= Russian penal military units during the Russian invasion of Ukraine =

Prisoners in the Russian military

During the Russian invasion of Ukraine, Russia has recruited substantial numbers of prisoners into military units. The Foreign Intelligence Service of Ukraine has claimed that Russia has recruited between 140,000 and 180,000 convicts to fight Ukraine.

The Russian paramilitary Wagner Group widely recruited from prisons starting in 2022, growing their forces by an estimated 40,000. According to The New York Times, Wagner's prison recruitment campaign began in early July 2022, when Prigozhin personally appeared in prisons around St. Petersburg and offered deals to the prisoners. However, the Wagner Group lost access to the prisons in February 2023 amidst schisms with the regular Russian Ministry of Defense. The Russian MoD itself reportedly began recruiting prisoners in October 2022.

In April 2023, information emerged about the creation of the Storm-Z series of units by the MoD. After receiving only ten to fifteen days of training, these units are attached to regular Russian forces suffering from battle fatigue. On June 24, 2023, Vladimir Putin signed a law on the recruitment of convicts to contract service with the Defense Ministry, disbanding Storm-Z and replacing it with the new Storm-V units.

== Motivation ==
The United Kingdom's Ministry of Defense described the recruitment as part of a "broader, intense effort by the Russian military to bolster its numbers, while attempting to avoid implementing new mandatory mobilisation, which would be very unpopular with the Russian public."

The Institute for the Study of War (ISW) said that the increase in Ministry of Defense prison recruitment in June 2023 came in "the wake of significant losses in Ukraine".

== Use and treatment ==
In a September 2022 speech to prisoners, Yevgeny Prigozhin, leader of the Wagner Group, said that recruits would be used as shock troops, who lead attacks and take heavy casualties. Experts and captured Wagner soldiers said that prisoner recruits were used as "little more than cannon fodder".
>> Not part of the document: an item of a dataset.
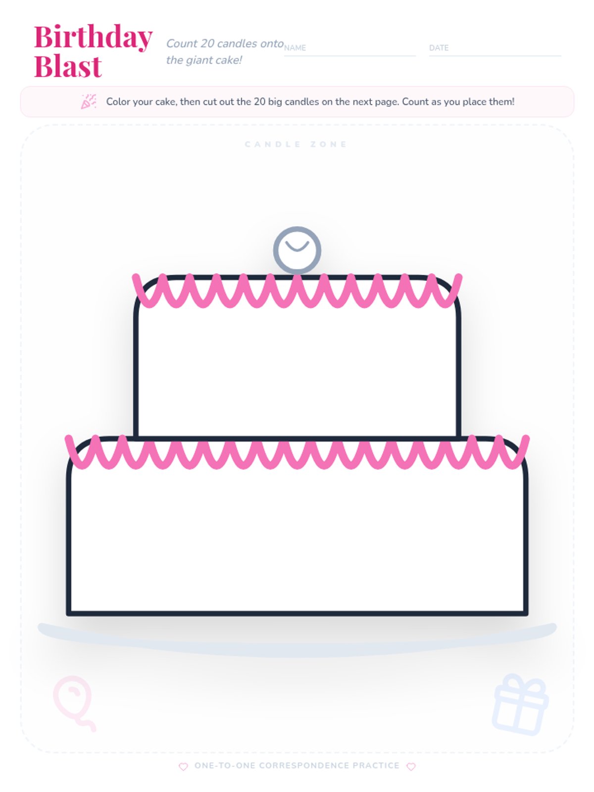 A revised version of the math warm-up with significantly enlarged candles for easier cutting and coloring, and a massive birthday cake to accommodate all 20 candles.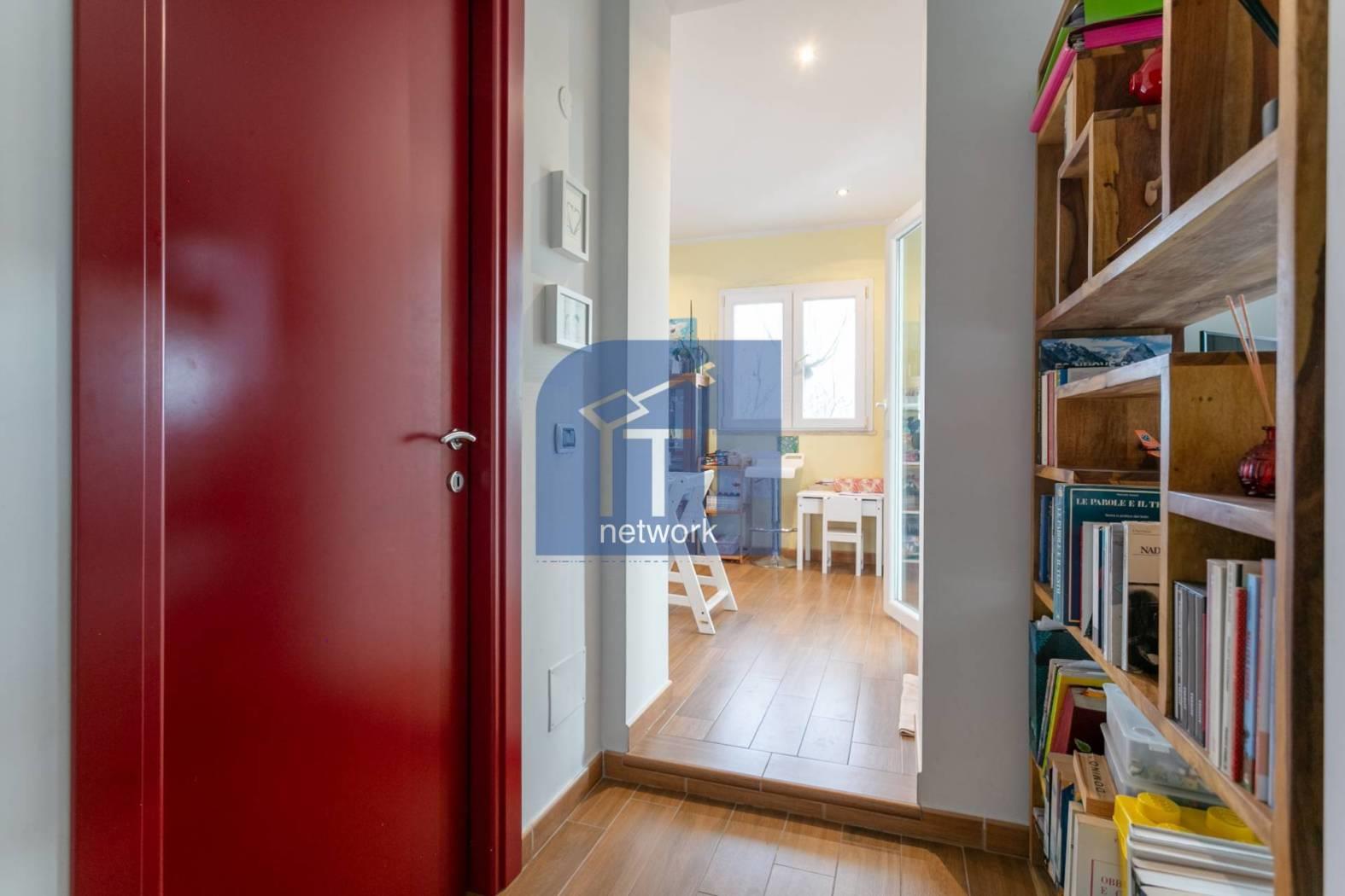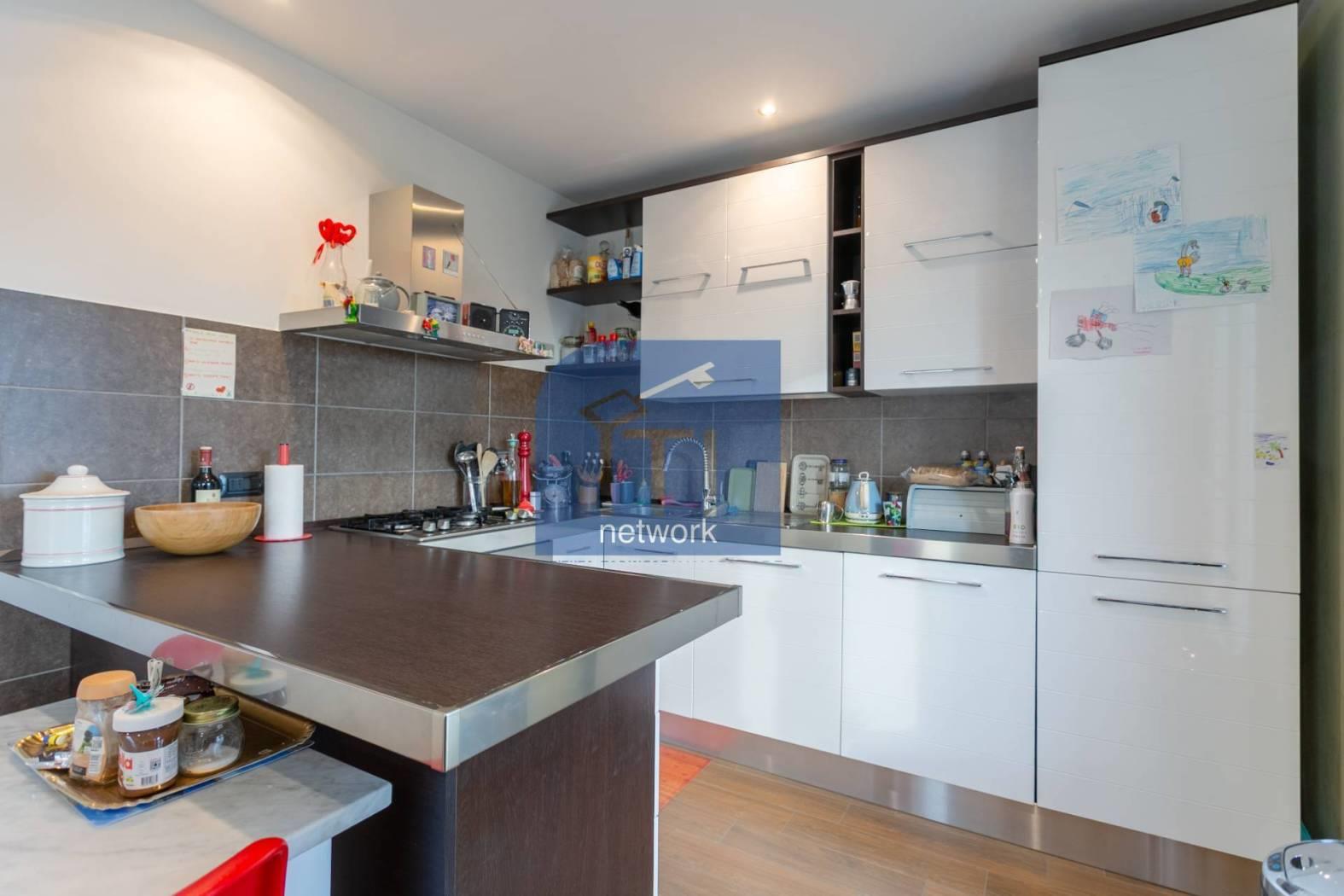 L'ingresso principale conduce ad un accogliente soggiorno, arredato con gusto offrendo un'atmosfera calda e confortevole, la cucina abitabile, moderna e completamente accessoriata è separata dalla zona giorno e dispone di un pratico e funzionale affaccio sull'ampio terrazzo .

Thousands of Wagner convict soldiers played a key role in the Battle of Bakhmut, taking part in wave attacks against Ukrainian positions. Ukrainian media has said that the convicts are "dumped onto the front after 2-3 weeks of poor training and used as cannon fodder" by the more elite, well-trained Wagner group commanders.

In the September 2022 speech, Prigozhin also said that any prisoner who joined and then attempted to flee service would be "considered a deserter and shot". In March 2023, United Nations experts expressed concern over allegations that recruits are "regularly threatened and ill-treated by their superiors", and said they had information that "several recruits have been executed for attempting to escape and, in other cases, seriously injured in public as a warning to other recruits." They described the tactics as human rights violations and said that they "may amount to war crimes".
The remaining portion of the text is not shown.